And after I fretted over one of my favorite burger joints for more than nine months, the beloved LC’s Hamburgers in the Northland, reopened — finally! — last March after a 2014 fire closed it for nearly a year.

Pizza? There’s always a place for new pizzerias in the metro, and this year’s bounty of pie shops included two fast-serve restaurants: Pizzeria Locale in Waldo (in partnership with the Chipotle chain) and the independently owned Topp’d, at 3934 Rainbow, the brainchild of pizzeria veteran Chad Talbott.

The biggest pizza news of the year was the opening of Erik Borger’s Il Lazzarone in the River Market. Borger’s first pizzeria of that name, in St. Joseph, is the only pizzeria in the state of Missouri to be officially authenticated as Neapolitan pizza by the American Delegation of the Associazione Verace Pizza Napoletana. Borger is attempting to get the same rare imprimatur for the Kansas City restaurant.

Papa Keno’s returned to the same location in Westport that it had abandoned in 2008 — the short-lived trattoria, the Boot, briefly occupied the space until Papa Keno’s took over the lease again.

Although Grimaldi’s Pizzeria was founded in Brooklyn in 1990, the popular coal-fired pizza shop was sold to different owners, who turned the business into a national chain. The first outpost in the area opened recently in the Prairiefire complex (at 5601 West 135th Street), in Overland Park.

The former Next Door Pizza space in Lee’s Summit was revamped as the Long-Bell Pizza Co. by chefs Jayson Eggers and Aaron Mulder. Arris’ Pizza, a popular pizza restaurant in Jefferson City that has traditionally served a Greek-influenced pie, finally opened a location in the metro last year, taking over a space at 12812 West 87th Street Parkway, in Lenexa.

It was a very sweet year for bakeries, with the addition of Ashleigh’s Bake Shop and the Doughnut Lounge in Westport, Heirloom Bakery & Hearth (and the soon-to-open UnBakery & Juicery) in east Brookside, Amore Dolci Bakery in midtown, and the rustic Hearth Bread Co. in Weston.

On a bittersweet note, sisters Vicki and Carol LaBruzzo are looking for an owner to take over their busy LaBruzzo’s Sweet Oven, in the River Market. “We’re tired,” Carol LaBruzzo tells me. “We can’t keep up this pace anymore.”

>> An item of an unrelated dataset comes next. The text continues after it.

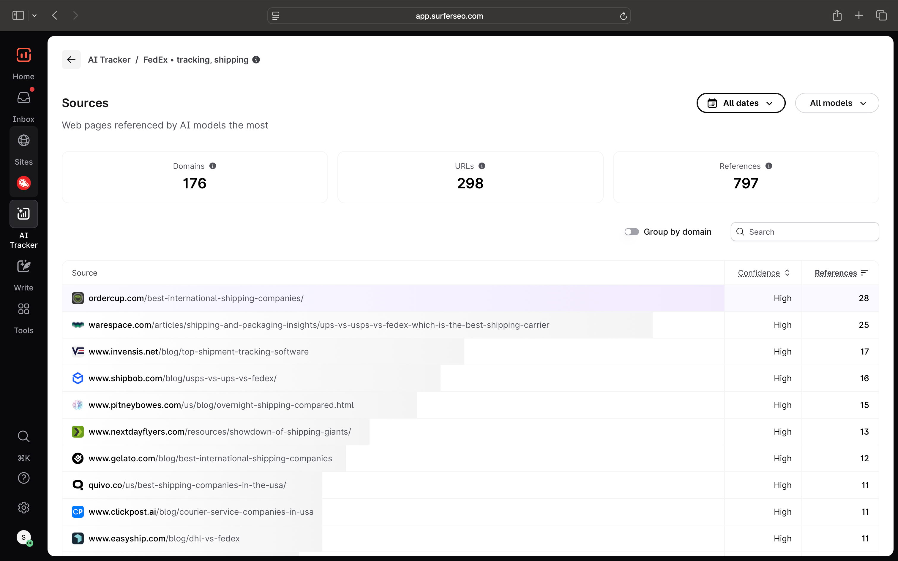 Surfer's AI Tracker also helps you track your visibility in AI generated results in 3 ways.

For every restaurant that closed in 2015, it seemed that a new one popped up, and all over the area. These included Beaches Cantina near the airport; Plate in east Brookside; Espirito Do Sol in south Johnson County; Standard Pour in Westport; Mi Asia Bistro downtown (in the long-vacant Willy’s space); chef Derek Nacey’s Blvd Tavern in the Crossroads; and Howard’s Grocery, Café & Catering in the Crossroads.

The R Bar & Patio in Lawrence (the former Jet Lag Lounge) added a chef, Brian Reeves, to the staff, and he took food service here to the stratosphere — nothing too complicated but simply delicious, especially the Maryland crab cakes.

Lawrence also got its own Port Fonda, a spacious outpost of Westport’s beloved cantina. And Massachusetts Street saw the much-awaited reopening of Meg Heriford’s Ladybird Diner, which was shuttered for five months after a fire broke out in a barbecue restaurant next door.

Another terrific addition to Lawrence’s culinary community: 1900 Barker Bakery Café, known for its selection of crusty breads and pastries, is a fine place for a cup of coffee and fresh-fruit galettes.

Kansas City is still a barbecue town, and the 2015 smoke shacks include KC’s Smokehouse Pub (in the former Swagger location in Waldo (8431 Waldo), a new and much-awaited downtown location for the Blue Springs–based Plowboys Barbeque, and Crazy Good Eats (the maker of The Pitch‘s Best Barbecue Pork Sandwich of 2015) in Olathe.

Was 2015 a good year for dining in Kansas City? I’d say it was a very, very good year.